_YOUR ASSIGNMENT_
Only the text carries over: repeat the records exactly and drop the images.

_GIVEN RECORDS_
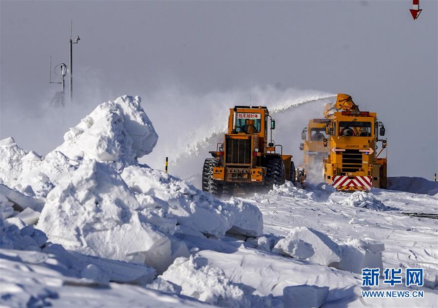 1月15日,新疆塔城公路管理局额敏分局玛依塔斯应急保障基地利用抛雪机清扫道路积雪。 玛依塔斯风区位于新疆西北部额敏县境内。这里东西风交替频繁,一年大风天数超过150天,是世界上罕见的暴风雪灾害地段。驻守在这里的新疆塔城公路管理局额敏分局玛依塔斯应急保障基地,近年来连续装备抛雪机等冰雪抢险救灾装备,有力地保障了这条道路的交通安全。 新华社记者赵戈摄
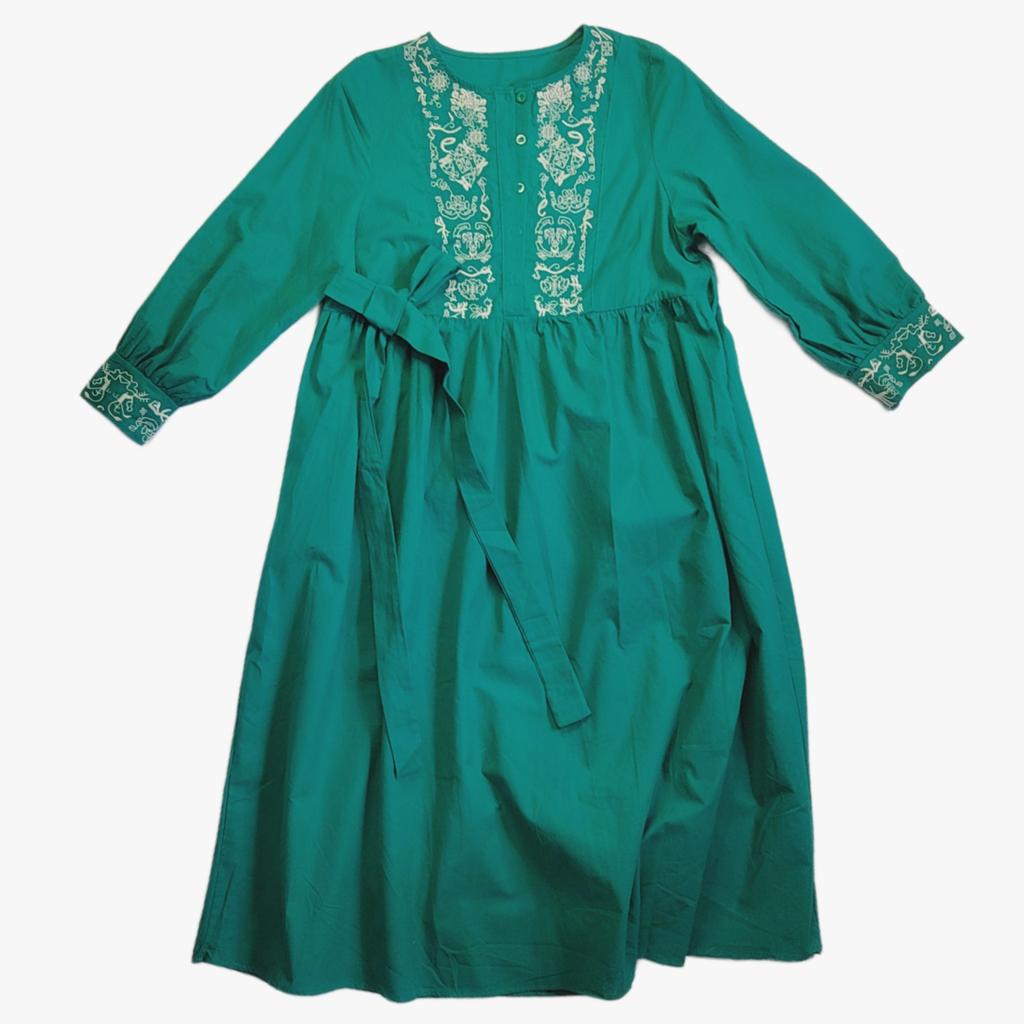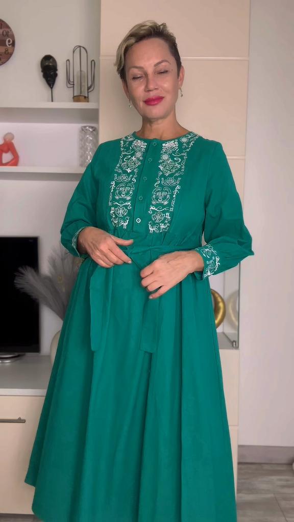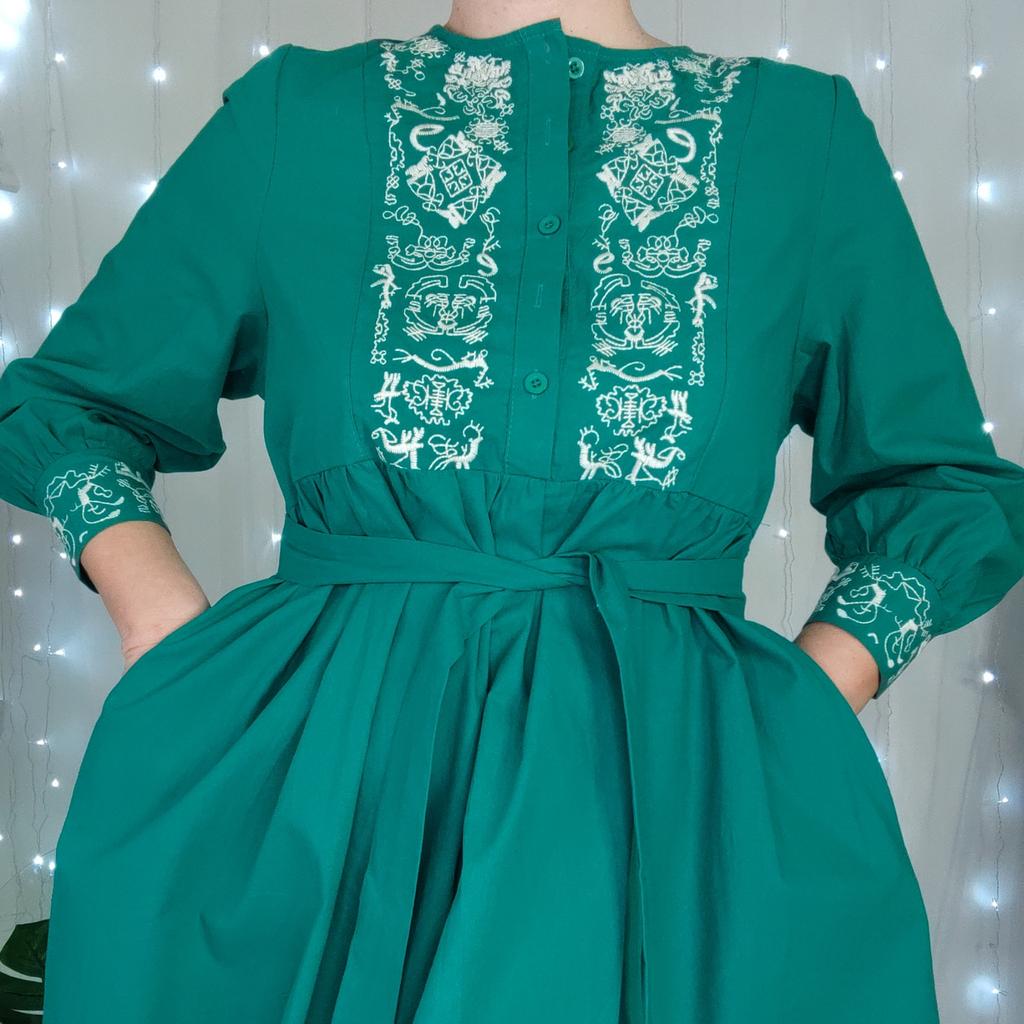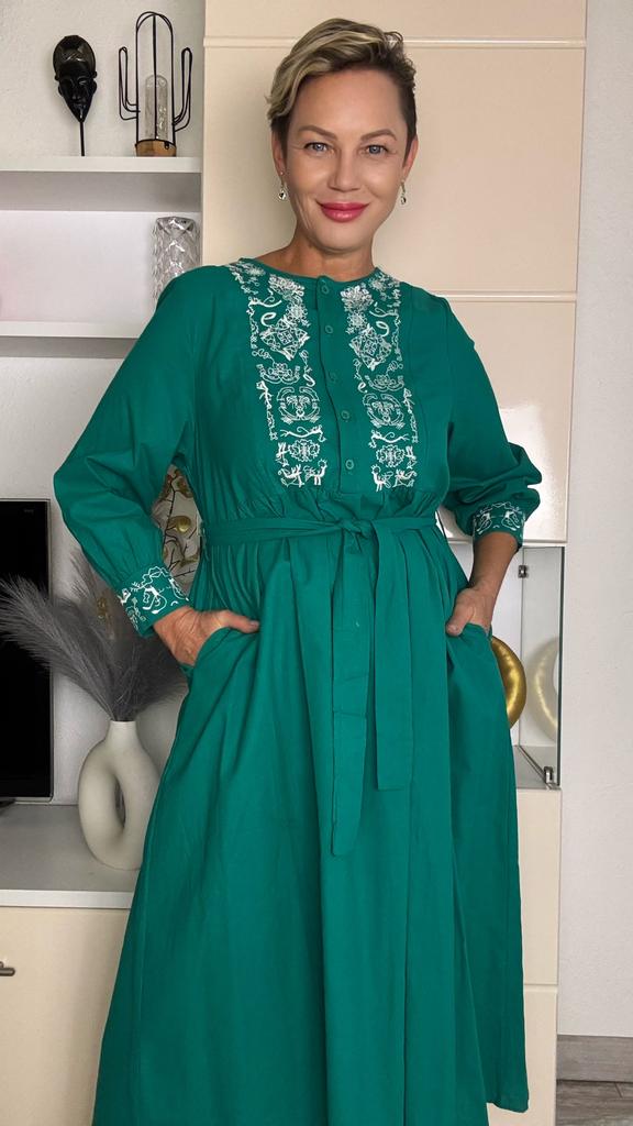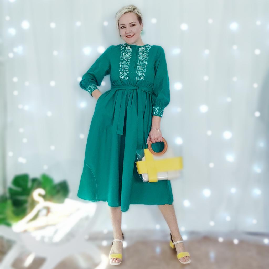Bodycon Dress O Neck Embroidery Puff Sleeve Button Vestidos Ethnic Style Spring Folds Solid Color Dresses A-line
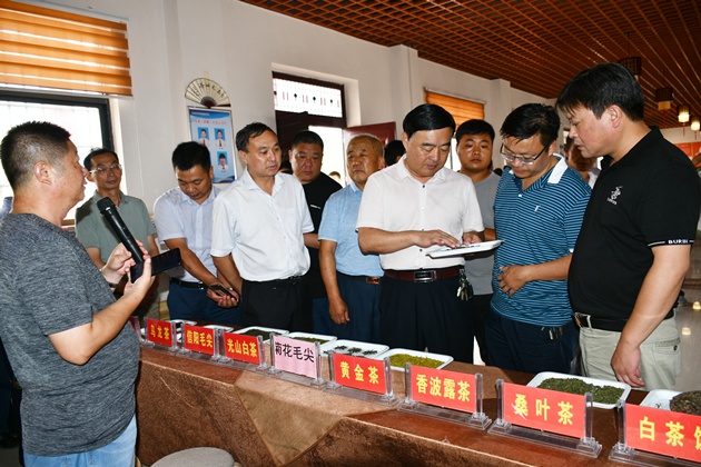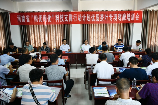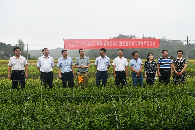 為實(shí)施好河南省“四優(yōu)四化”科技支撐行動(dòng)計劃優(yōu)質(zhì)茶葉專(zhuān)項,推廣茶樹(shù)新品種、新產(chǎn)品和新技術(shù),9月12日,由市農科院舉辦的河南省“四優(yōu)四化”科技支撐行動(dòng)計劃優(yōu)質(zhì)茶葉專(zhuān)項“優(yōu)質(zhì)茶葉綠色高效生產(chǎn)技術(shù)集成、示范”觀(guān)摩研討會(huì )在光山縣召開(kāi)。省農科院煙草所黨委書(shū)記程澤強,我院院長(cháng)段仁周、總農藝師段斌,市紀委市監委駐市農業(yè)局紀檢監察組組長(cháng)周應傳出席會(huì )議,省農業(yè)農村廳經(jīng)作站,省農科院資環(huán)所、農信所相關(guān)專(zhuān)家,以及我市各縣區農業(yè)農村局、農科所負責同志和科技人員,茶葉企業(yè)負責人共計140余人參加會(huì )議。
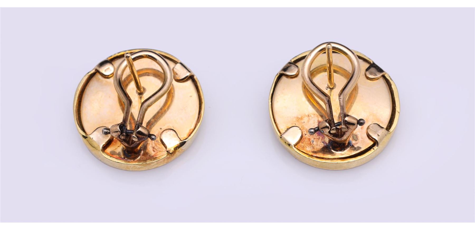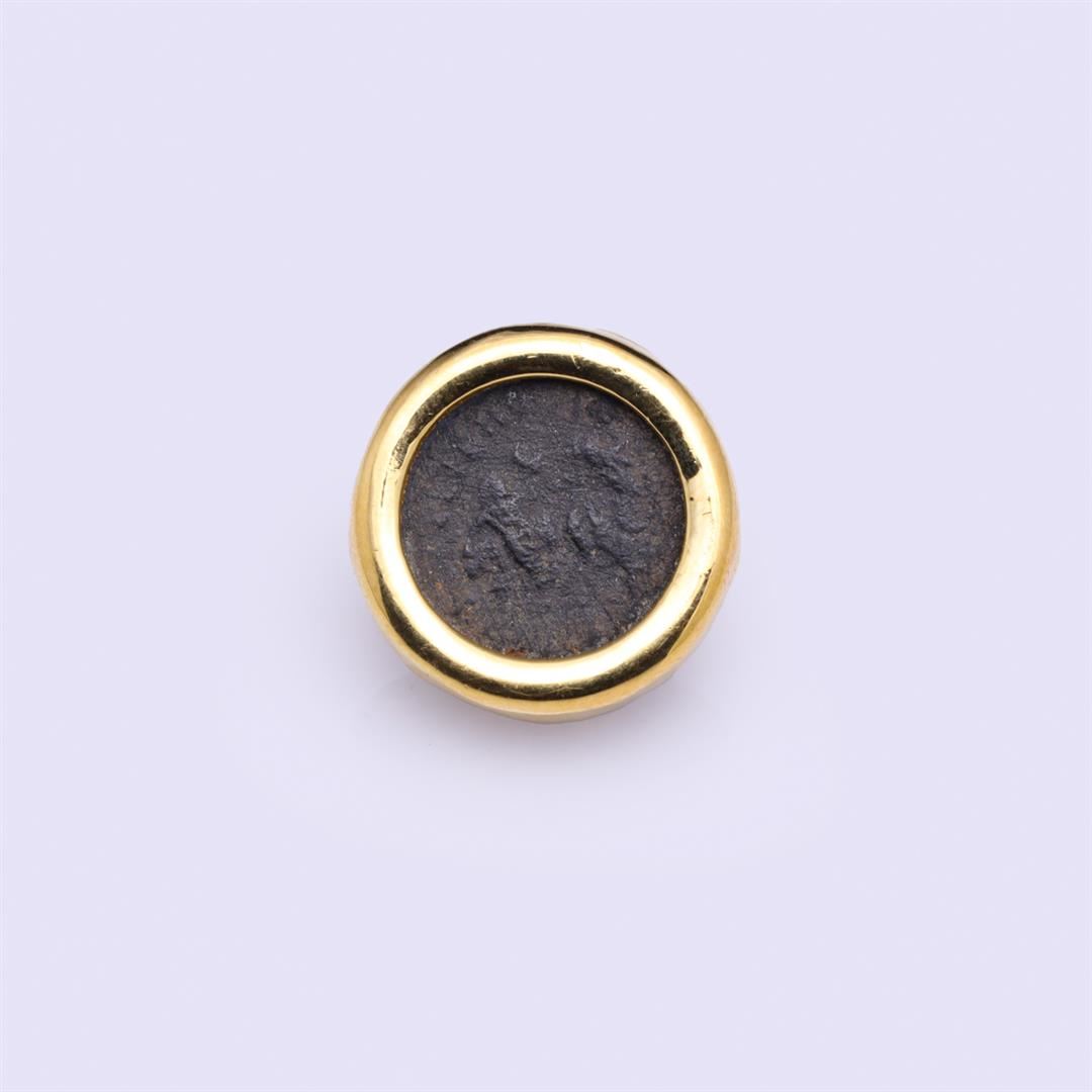 Two Imperial Roman coins mounted in 18k yellow gold as earrings; gross weight 14.6 g, each D 3/4" (approx.)
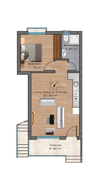 • Living Room & Kitchen: A bright and spacious 23.30 sqm open-plan area that serves as the social hub of the home, offering plenty of room for both dining and relaxation.
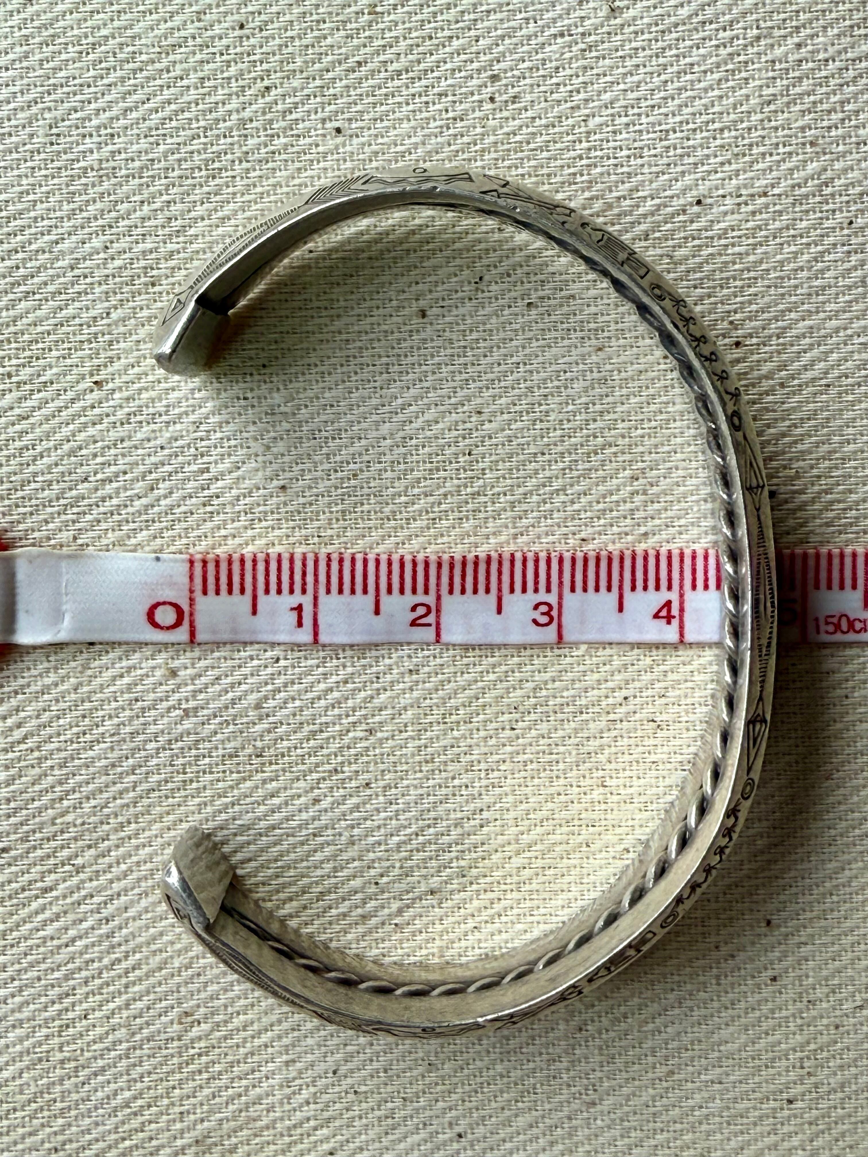 約13.5cm + 3.5cmオープニング x 幅1.5cm (手首にはめる際、多少の調整は可能です。)
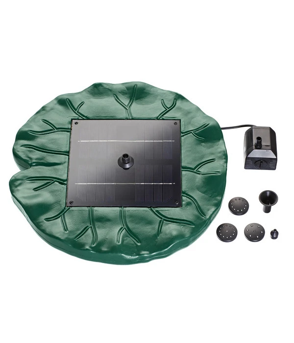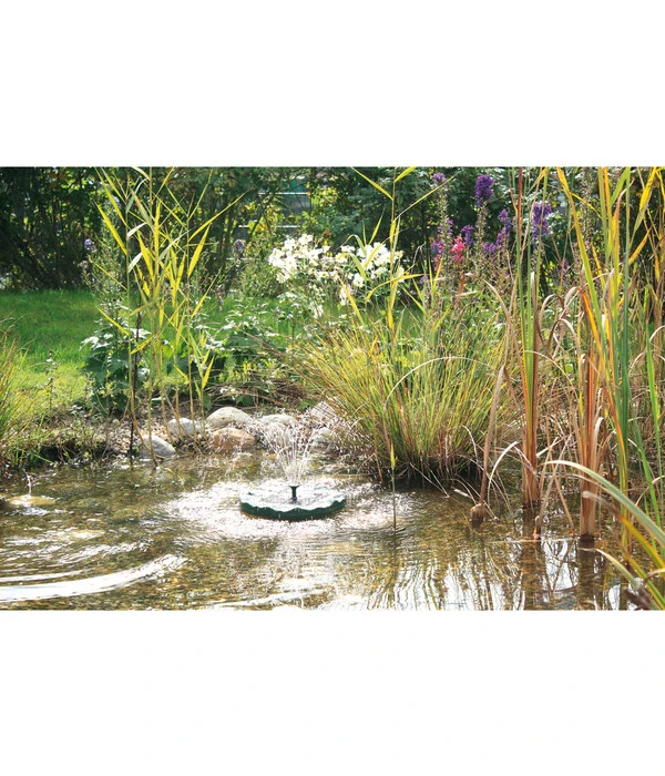 Das Solarstromystem ist in den Farben grün und schwarz gehalten und hat die Form eines großen Seerosenblattes. So fügt es sich in das Aussehen Ihres Gartenteiches ein. Unser Tipp: Platzieren Sie das Gerät, wenn möglich, an einer Stelle ohne Schattenwurf durch Schilf etc. Je mehr Sonnenschein auf das Solarpanel fällt, desto mehr Strom wird für das Wasserspiel produziert. Das Gewicht von 0,6 kg sorgt für stabiles Schweben auf der Wasseroberfläche und ermöglicht ein leichtes Platzieren an der besten Stelle. Der Hersteller gewährt Ihnen zwei Jahre Garantie. Selbst zur Haltbarkeit beitragen können Sie, indem Sie Verunreinigungen rasch entfernen. Auch bei schlechten Lichtverhältnissen bleibt das Wasserspiel in Betrieb, durch die elektronisch geregelte Speicher- und Regeleinheit SolarSafe (optional).
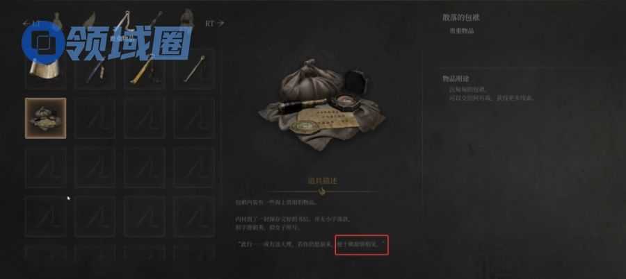 5.道具说明引导;在玩家舔图的过程之中,时常会获取的一些“贵重物品”,主要是一些钥匙、书信、包裹等任务道具,这些道具大多与部分主支线的剧情有所关联,当玩家错过相关剧情的时候,文件的说明也起到指引玩家找到错过内容与区域的作用,例如佛源镇就有大量的任务道具掉落。
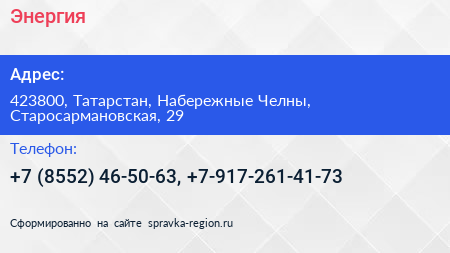 Энергия по адресу 423800, Татарстан, Набережные Челны, Старосармановская, 29 в дальнейшем Организация, размещена в следующих категориях:

_WRITTEN SOLUTION_
 1月15日,新疆塔城公路管理局额敏分局玛依塔斯应急保障基地利用抛雪机清扫道路积雪。 玛依塔斯风区位于新疆西北部额敏县境内。这里东西风交替频繁,一年大风天数超过150天,是世界上罕见的暴风雪灾害地段。驻守在这里的新疆塔城公路管理局额敏分局玛依塔斯应急保障基地,近年来连续装备抛雪机等冰雪抢险救灾装备,有力地保障了这条道路的交通安全。 新华社记者赵戈摄
Bodycon Dress O Neck Embroidery Puff Sleeve Button Vestidos Ethnic Style Spring Folds Solid Color Dresses A-line
 為實(shí)施好河南省“四優(yōu)四化”科技支撐行動(dòng)計劃優(yōu)質(zhì)茶葉專(zhuān)項,推廣茶樹(shù)新品種、新產(chǎn)品和新技術(shù),9月12日,由市農科院舉辦的河南省“四優(yōu)四化”科技支撐行動(dòng)計劃優(yōu)質(zhì)茶葉專(zhuān)項“優(yōu)質(zhì)茶葉綠色高效生產(chǎn)技術(shù)集成、示范”觀(guān)摩研討會(huì )在光山縣召開(kāi)。省農科院煙草所黨委書(shū)記程澤強,我院院長(cháng)段仁周、總農藝師段斌,市紀委市監委駐市農業(yè)局紀檢監察組組長(cháng)周應傳出席會(huì )議,省農業(yè)農村廳經(jīng)作站,省農科院資環(huán)所、農信所相關(guān)專(zhuān)家,以及我市各縣區農業(yè)農村局、農科所負責同志和科技人員,茶葉企業(yè)負責人共計140余人參加會(huì )議。
 Two Imperial Roman coins mounted in 18k yellow gold as earrings; gross weight 14.6 g, each D 3/4" (approx.)
 • Living Room & Kitchen: A bright and spacious 23.30 sqm open-plan area that serves as the social hub of the home, offering plenty of room for both dining and relaxation.
 約13.5cm + 3.5cmオープニング x 幅1.5cm (手首にはめる際、多少の調整は可能です。)
 Das Solarstromystem ist in den Farben grün und schwarz gehalten und hat die Form eines großen Seerosenblattes. So fügt es sich in das Aussehen Ihres Gartenteiches ein. Unser Tipp: Platzieren Sie das Gerät, wenn möglich, an einer Stelle ohne Schattenwurf durch Schilf etc. Je mehr Sonnenschein auf das Solarpanel fällt, desto mehr Strom wird für das Wasserspiel produziert. Das Gewicht von 0,6 kg sorgt für stabiles Schweben auf der Wasseroberfläche und ermöglicht ein leichtes Platzieren an der besten Stelle. Der Hersteller gewährt Ihnen zwei Jahre Garantie. Selbst zur Haltbarkeit beitragen können Sie, indem Sie Verunreinigungen rasch entfernen. Auch bei schlechten Lichtverhältnissen bleibt das Wasserspiel in Betrieb, durch die elektronisch geregelte Speicher- und Regeleinheit SolarSafe (optional).
 5.道具说明引导;在玩家舔图的过程之中,时常会获取的一些“贵重物品”,主要是一些钥匙、书信、包裹等任务道具,这些道具大多与部分主支线的剧情有所关联,当玩家错过相关剧情的时候,文件的说明也起到指引玩家找到错过内容与区域的作用,例如佛源镇就有大量的任务道具掉落。
 Энергия по адресу 423800, Татарстан, Набережные Челны, Старосармановская, 29 в дальнейшем Организация, размещена в следующих категориях:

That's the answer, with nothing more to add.